DOG Mode proposes a 3.9M weight-unit transaction limit, challenging Bitcoin Core policies as the debate over Ordinals, Runes, and data usage grows.
DOG Mode Challenges Bitcoin Core as Data Policy Debate Reaches New Stage
A new proposal is reshaping the debate over how Bitcoin should handle non-financial data. While supporters of Bitcoin Improvement Proposal (BIP) 110 continue advocating for tighter restrictions on data-heavy transactions, a separate initiative called DOG Mode is taking the opposite approach by expanding what Bitcoin nodes can relay across the network.
The project was announced by Leonidas, co-founder of Runestone and a well-known advocate within the Ordinals and Runes communities. Unlike BIP 110, which requires miner approval through a consensus-driven process, DOG Mode seeks to modify node relay policies without requiring a network-wide vote.

The distinction is significant. Consensus rules determine whether a block is valid on Bitcoin, while relay policies influence which transactions nodes choose to forward. Transactions rejected under relay policies can still be valid under consensus rules and may be mined if they reach miners directly.
DOG Mode proposes two major changes:
- Increase the standard transaction size limit from 400,000 weight units to 3,900,000 weight units.
- Reduce Bitcoin’s dust limit from roughly 294–546 satoshis to just 1 satoshi.
Considering that a Bitcoin block can contain up to 4 million weight units, the proposal would allow nodes to relay transactions occupying nearly an entire block.
BIP 110 Faces Miner Resistance
The DOG Mode announcement arrives as BIP 110 struggles to gain traction among miners. The proposal aims to restrict arbitrary data stored on Bitcoin by introducing new consensus rules through a user-activated soft fork.

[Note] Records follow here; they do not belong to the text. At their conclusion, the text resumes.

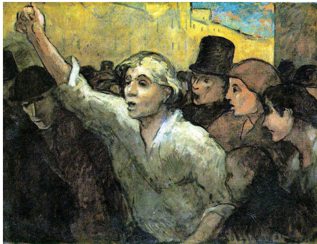
[도판18] 「폭동(반란)」, 1848~49, 50년대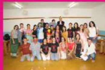
Aula da Saudade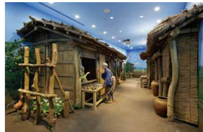
3 [中世] 四日的市场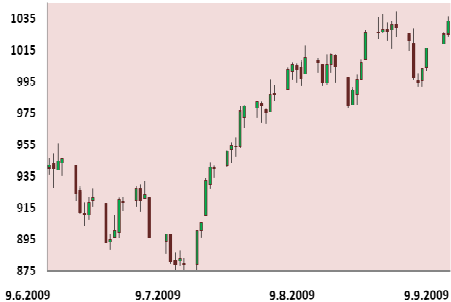
S&P 500 3M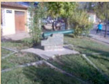
(16) Hoy día la ciudad de Talca se ha extendido sobre la que fuera la llanura de Cancha Rayada. (Fotos actuales del campo de combate).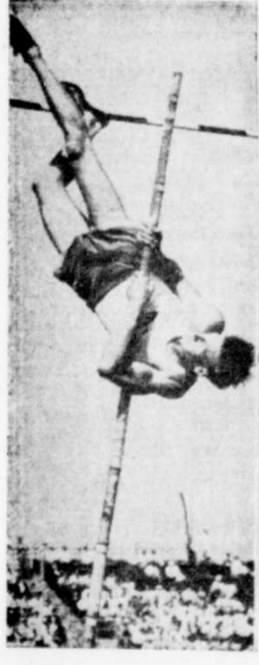
© Cornelius Warmerdam, du club Olympique de San Francisco a établi un nouveau record pour le tournoi annuel national de l'A.A.U., tenu à Randall's Island, N. Y., en clairant la barre à son premier essai, à 15 pieds et 3 1-2 pouces. Warmerdam détenait le record antérieur de 15 pieds établi par lui-même l'an dernier.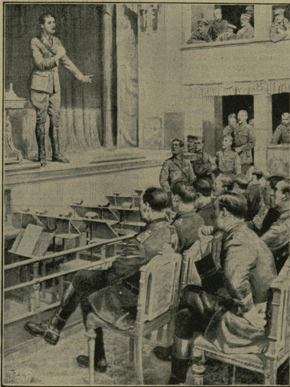
Conferencia dada por un oficial inglés a sus compañeros, acerca del servicio de exploración, en el teatro de una población próxima a las trincheras.

No necesita encomios el Sr. Luque, porque mostrada tiene su gran competencia parlamentaria. Sus palabras recogen las afirmaciones del conde del Serrallo para decir que muchas de sus leales advertencias serán atendidas. Agradece al general Weyler su breve discurso de conformidad, y defiende el proyecto con gran elocuencia de todas las impugnaciones que se le han dirigido.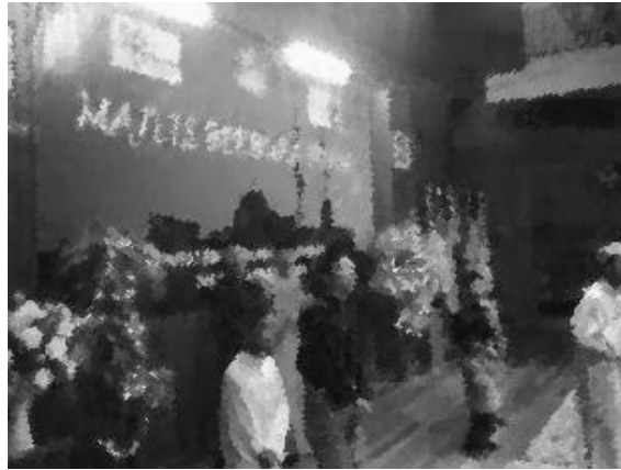
Rajah 7 Persembahan untuk Majlis Berbuka Puasa dari kanak-kanak di Rumah Kebajikan Masyarakat

Rata-rata kanak-kanak di sini apabila ditanya tentang cita-cita mereka, menyatakan mereka ingin menjadi, tentera, polis, askar atau juruterbang. Kanak-kanak ini juga berazam untuk berjaya selepas keluar dari Rumah Kebajikan Masyarakat ini apabila meningkat umur 18 tahun nanti.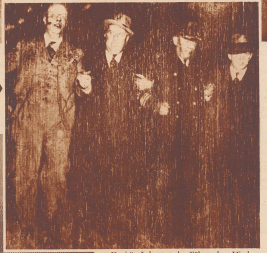
Kapitän Lehmann, der Führer des „Hindenburg“ (der zweite von rechts) wird schwer verletzt von einem Gefährte. Er ist 13 Stunden später den schweren Brandwunden erlegen. Kapitän Lehmann war 51 Jahre alt.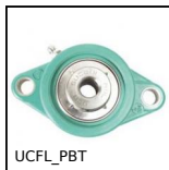
UCFL_PBT Cuscinetto a flangia ovale Polimero inox, Polimero e inox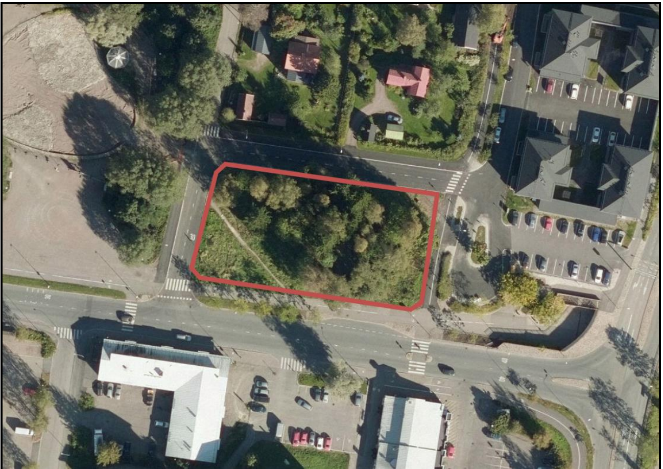
Suunnittelualueen alustava rajaus ilmakuvassa.

Suunnittelualue sijaitsee noin 2,5 kilometrin etäisyydellä Keravan keskustasta etelään, ja se käsittää osoitteessa Koivikontie 3-5 sijaitsevan rakentamattoman kiinteistön. Etäisyys Savion rautatieseisakkeelle on noin 100 metriä. Savion kaupalliset palvelut ja lähivirkistysalueet sijaitsevat Koivikontien varrella ja suunnittelualueen välittömässä läheisyydessä. Muutosalueen pinta-ala on noin 2495 m 2 .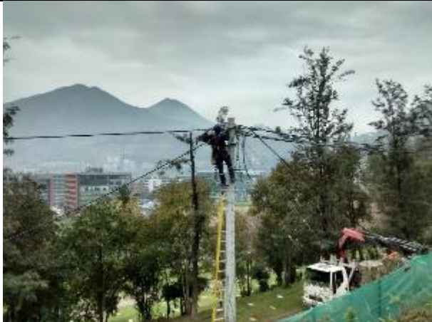
Trabajos en el cambio de servicio eléctrico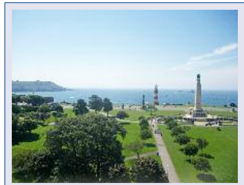
Herrlicher Ausblick vom Hotel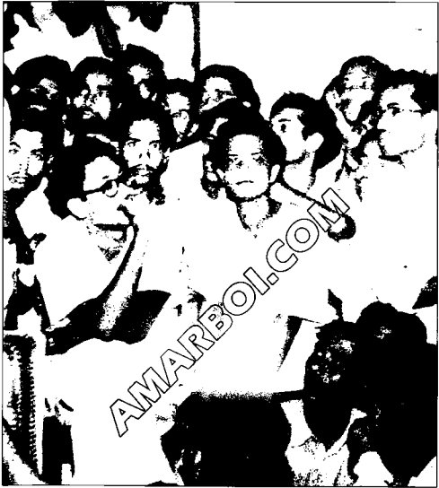
সহযোদ্ধাদের সঙ্গে পরামর্শকালে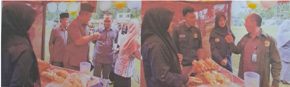
Gambar 4. Pengembangan usaha mikro (expo)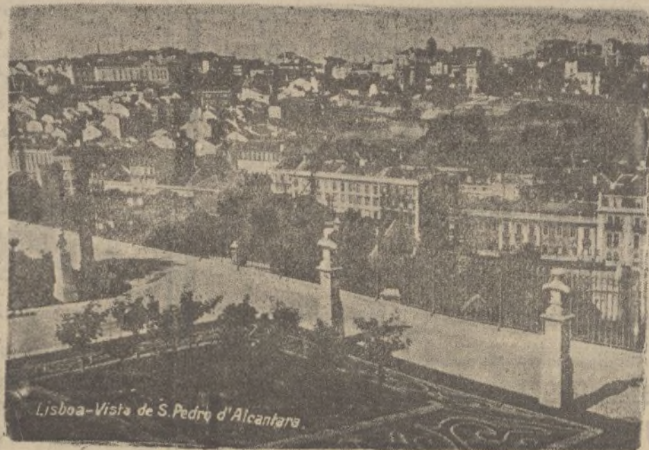
Lisboa-Vista de S. Pedro d'Alcantara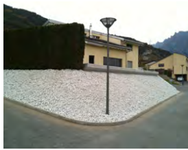
CELLULE DE REPLISSAGE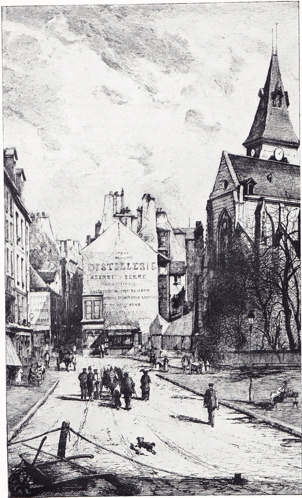
L'ÉGLISE DE SAINT-MÉDARD

Eau-forte de Lucien GAUTHIER. — (Collection de l'Art. )

However, support remains extremely limited. Monitoring data shows BIP 110 has failed to secure meaningful miner backing and has not approached the 55% signaling threshold required for activation. Recent signaling periods have recorded virtually no support.
This lack of momentum highlights a broader divide within the Bitcoin ecosystem. One side argues that Bitcoin should remain focused primarily on financial transactions, while the other believes the network can support broader use cases, including digital collectibles, token issuance, and data inscriptions.
Because DOG Mode only alters relay behavior rather than consensus rules, it avoids the lengthy approval process required by protocol upgrades. If node operators adopt the software and miners choose to process eligible transactions, the changes could influence network activity without formal governance approval.
Impact on Ordinals and Runes
The proposed modifications could have substantial implications for Bitcoin-based digital asset ecosystems. Ordinals enable users to embed images, text, and other data directly into Bitcoin transactions, while Runes provides a framework for issuing and trading tokens on the network.
Current dust limits require additional bitcoin to be attached to many outputs. Leonidas estimates that lowering the threshold to one satoshi could unlock approximately $25 million worth of capital currently tied up in transaction padding.
Despite the attention generated by the announcement, DOG Mode remains in its earliest stage. No public code repository, software release, benchmark testing, or production-ready version currently exists.
For now, DOG Mode represents a vision rather than a functioning client. Yet its emergence underscores a growing reality within Bitcoin: future policy battles may increasingly be fought through competing software implementations rather than changes to Bitcoin’s core consensus layer.